Wallsendmag II said:


> Cant believe nobodys going ,its a great day out, GET YOURSELVES MOVING :wink:


You tell them Andy they may be a shower in it for you :wink: :lol:


----------



## Mrs Wallsendmag (Dec 13, 2005)

YELLOW_TT said:


> Wallsendmag II said:
> 
> 
> > Cant believe nobodys going ,its a great day out, GET YOURSELVES MOVING :wink:
> ...


PM me with your mobile Andy just incase you are tucking into a pie when we arrive :wink:


----------



## YELLOW_TT (Feb 25, 2004)

Wallsendmag II said:


> YELLOW_TT said:
> 
> 
> > Wallsendmag II said:
> ...


Will do


----------



## TTCool (Feb 7, 2005)

Good morning Andy

Judy and I are going to Gaydon on the Sunday. We are setting off at 6am to arrive about 9am. The exchanging of members' mobile numbers by PM is a good idea, I think. Looking forward to it. Going to join the TTOC at the venue. Must go, getting the urge to polish something 

Regards

Joe & Judy


----------



## Mrs Wallsendmag (Dec 13, 2005)

Joe my mobile is pm'd  if you should need it canny hike there and back in one day though

Andrew


----------



## YELLOW_TT (Feb 25, 2004)

Wallsendmag II said:


> Joe my mobile is *********** if you should need it canny hike there and back in one day though
> 
> Andrew


It is not a bad drive there and back in a day I did it for the reps meet


----------



## TTCool (Feb 7, 2005)

YELLOW_TT said:


> Wallsendmag II said:
> 
> 
> > Joe my mobile is *********** if you should need it canny hike there and back in one day though
> ...


According to MS AutoRoute it's a 420 mile round trip. Can't really get enough of my TT. Hope the weather is sunny. Friday to Monday is forecast to be sunny for the Warwick/Banbury area, according to BBC Weather Centre.

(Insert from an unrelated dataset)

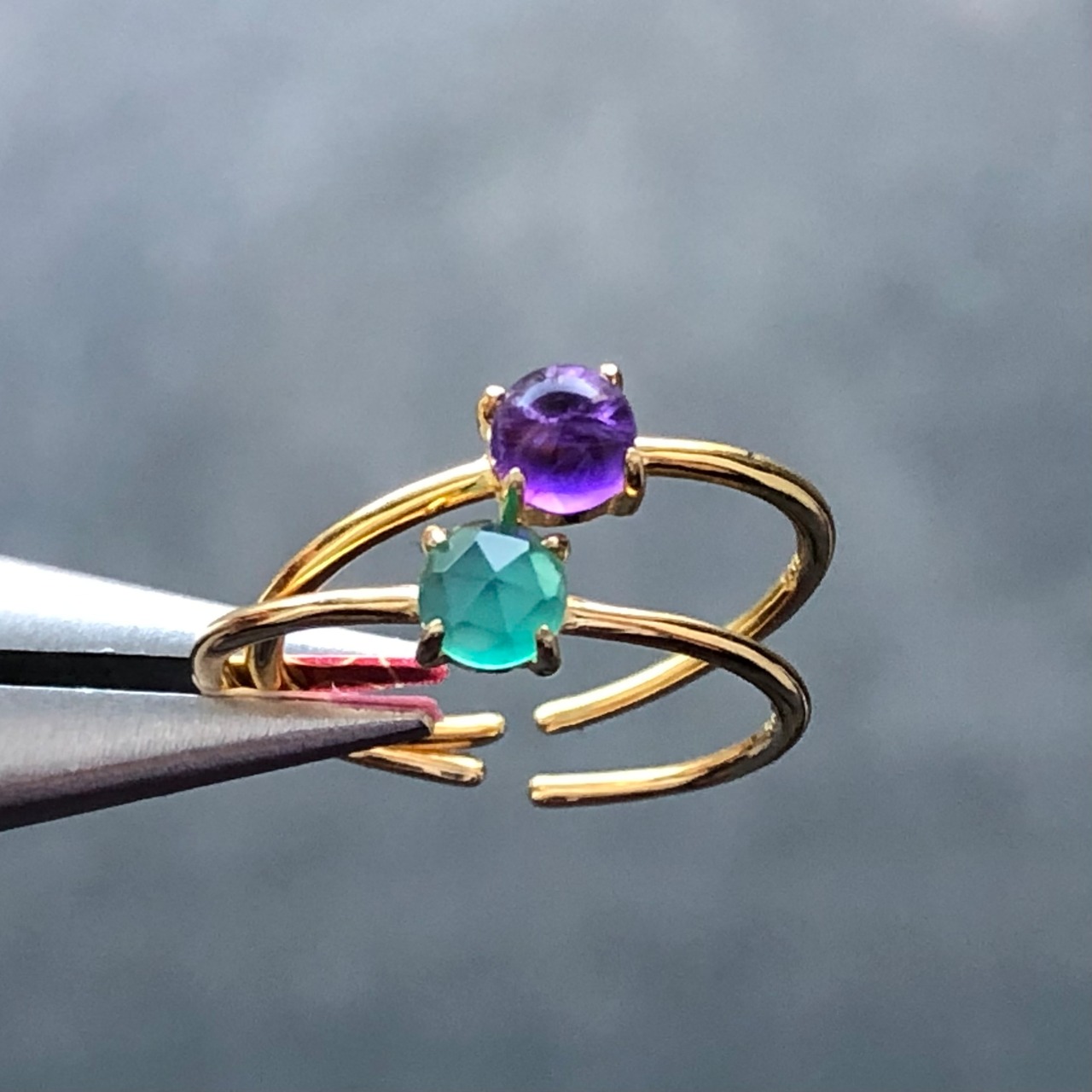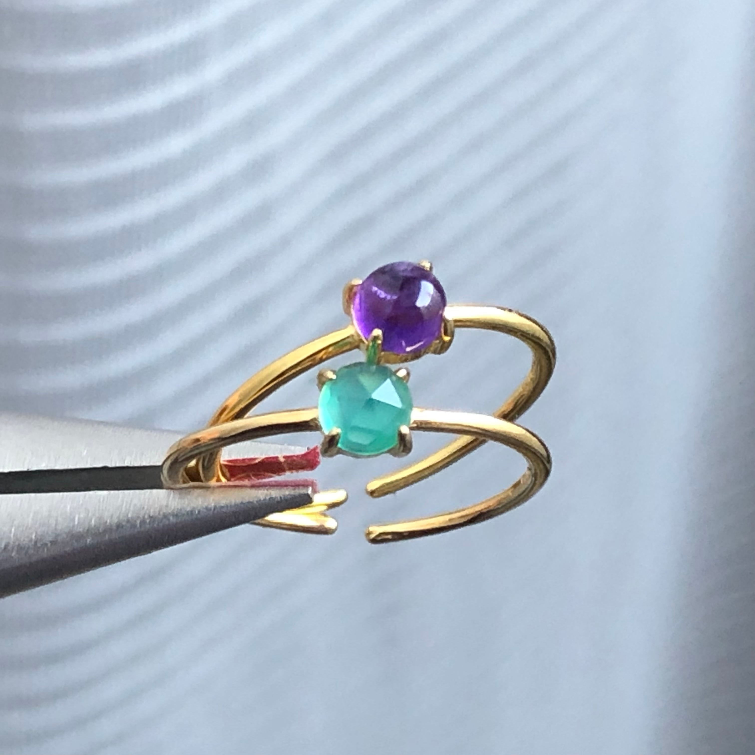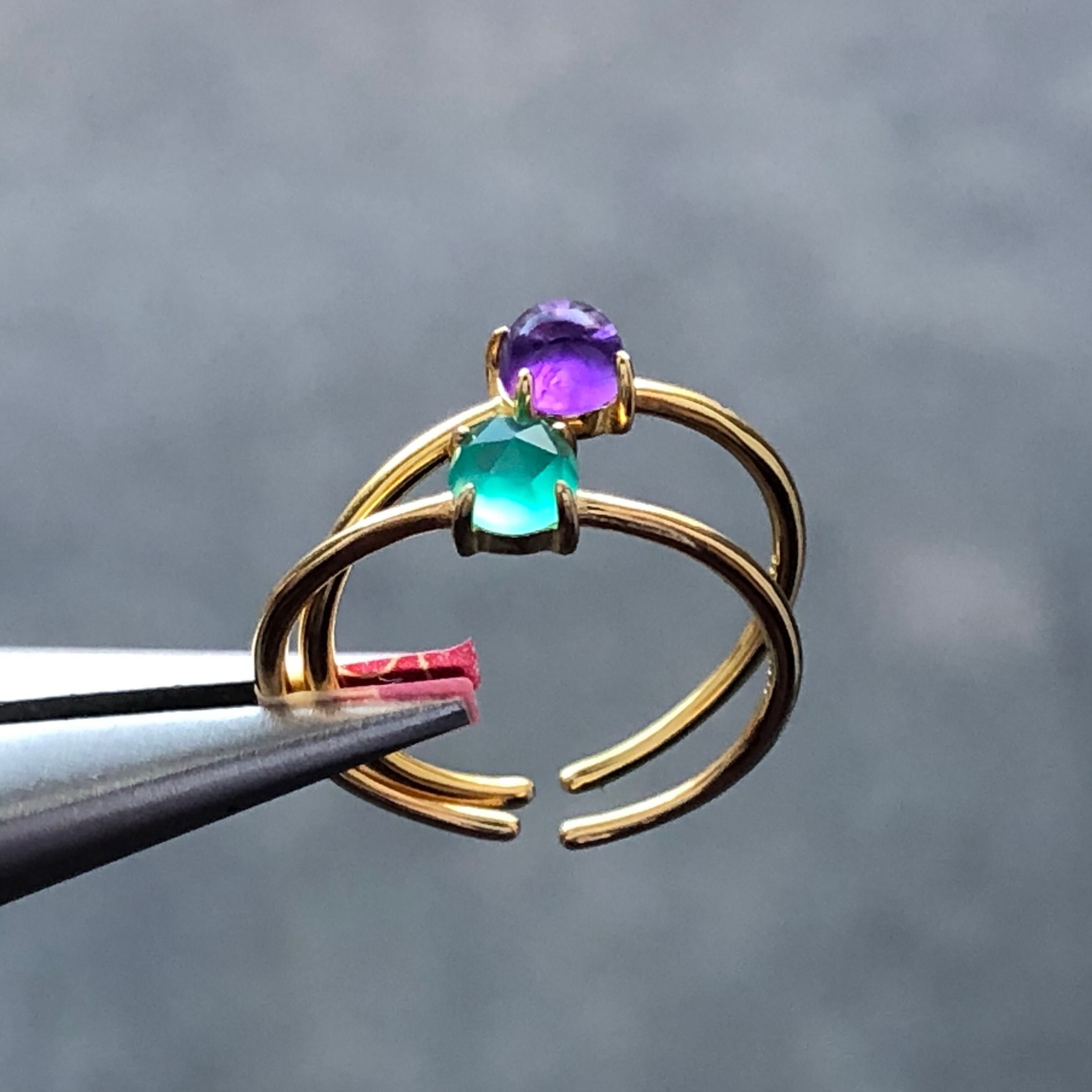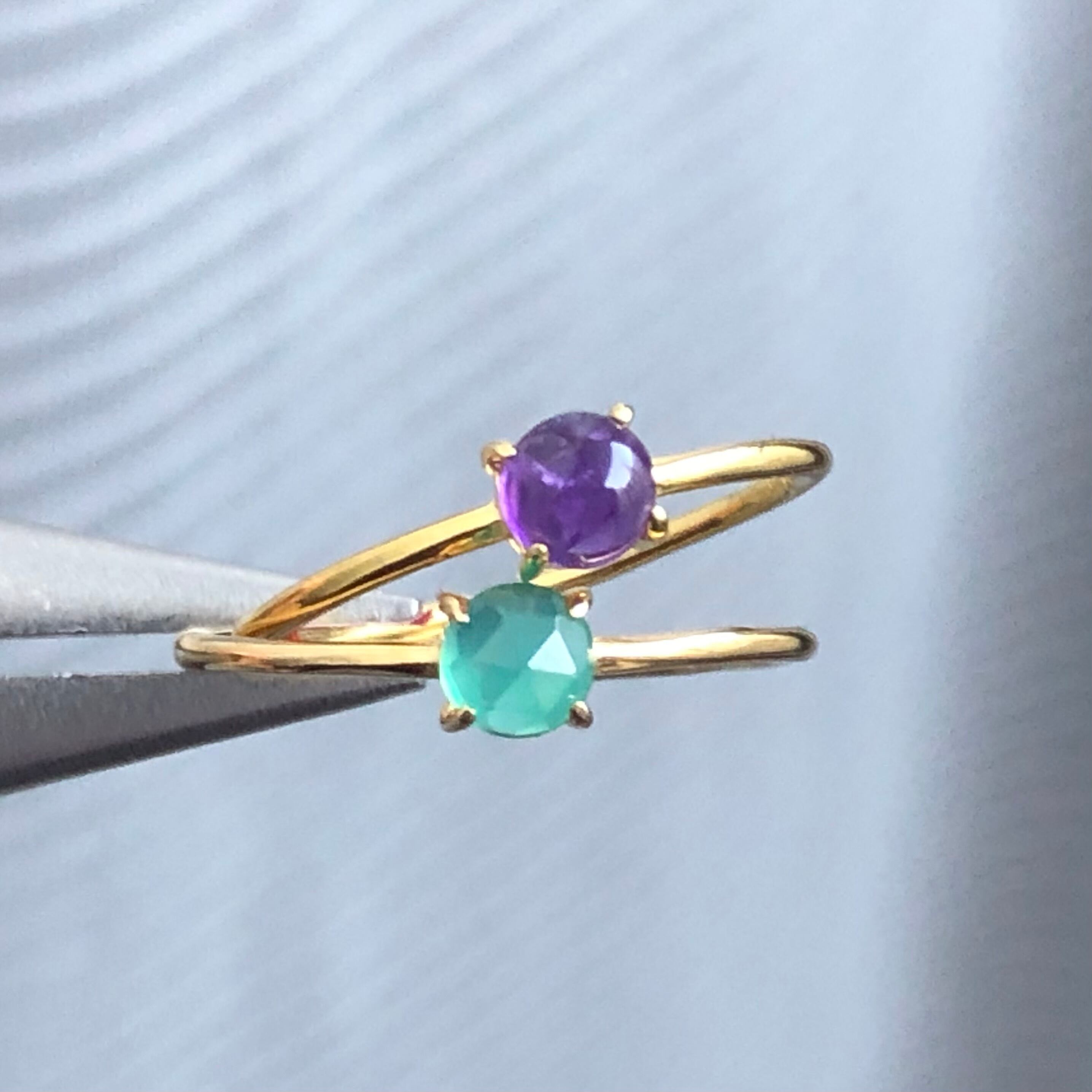 アメシストとローズカットのグリーンオニキスのリングセットです。

http://www.bbc.co.uk/weather/5day.shtml?id=1577

Joe 8)


----------



## Mrs Wallsendmag (Dec 13, 2005)

TTCool said:


> YELLOW_TT said:
> 
> 
> > Wallsendmag II said:
> ...


Not another one of those " we live in Dundee lets go to Oban for fish and chips" people :roll: :lol: :lol: :lol:


----------



## TTCool (Feb 7, 2005)

TTCool said:


> YELLOW_TT said:
> 
> 
> > Wallsendmag II said:
> ...


Mobile deleted :wink:


----------



## TTCool (Feb 7, 2005)

TTCool said:


> YELLOW_TT said:
> 
> 
> > Wallsendmag II said:
> ...


Mobile deleted


----------